There are indeed many consequences of the end of Pax Americana. One of the most conspicuous is the rise of jingoism in Japan in recent decades, in which the Japanese Government openly wishes to discard the historical views upon which peoples in East Asia and the United States built mutual understanding, and to return to the Cold War policy of containment while resurrecting the glorious image of the Japanese Empire that was supposed to have perished at the end of the war.
We will discuss the end of Pax Americana in the western Pacific from the following problematics.
1) The American hegemony served as the environment to foster a number of new nation-states to emerge in East Asia. But, how could nationalisms of these nations be nurtured and sustained by such global hegemony, which was colonial in nature even though the United States has persistently insisted on its anti-colonial posture?

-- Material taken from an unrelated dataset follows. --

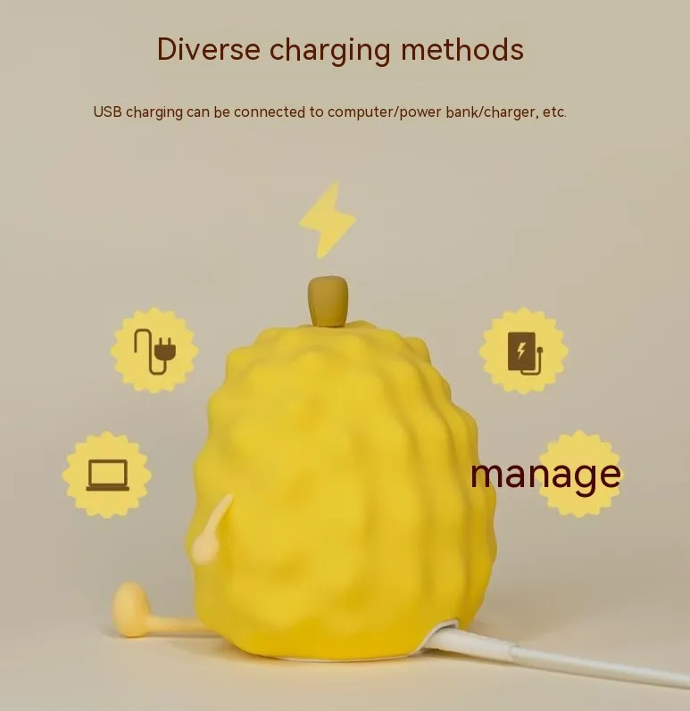 The Creative Birthday Gift Durian Silicone Night Light Desk Lamp is a charming and functional addition to any space. With its unique durian-inspired design, adjustable brightness, and energy-efficient LED lighting, it’s perfect for creating a cozy, playful atmosphere in your home or office. Whether for yourself or as a thoughtful, creative gift, this lamp is sure to brighten up any room with its warm glow and fun design.

2) When Japan was defeated at the end of WWII, a consensus was established, not only within the Japanese nation but also among peoples of East Asia, that Japanese Imperialism was the reason why Asian peoples could not accept Japanese domination. How could the glorious image of the Japanese Empire be allowed to persist within Japan under Pax Americana?
3) How should they denounce and disqualify the revisionist history of East Asia as promoted by the Japanese Government in recent years? In this respect, the problem of the Comfort Women is crucial. How can peoples of East Asia forge historical narratives that can recognize the many victims of the past and criticize atrocities committed by colonial powers?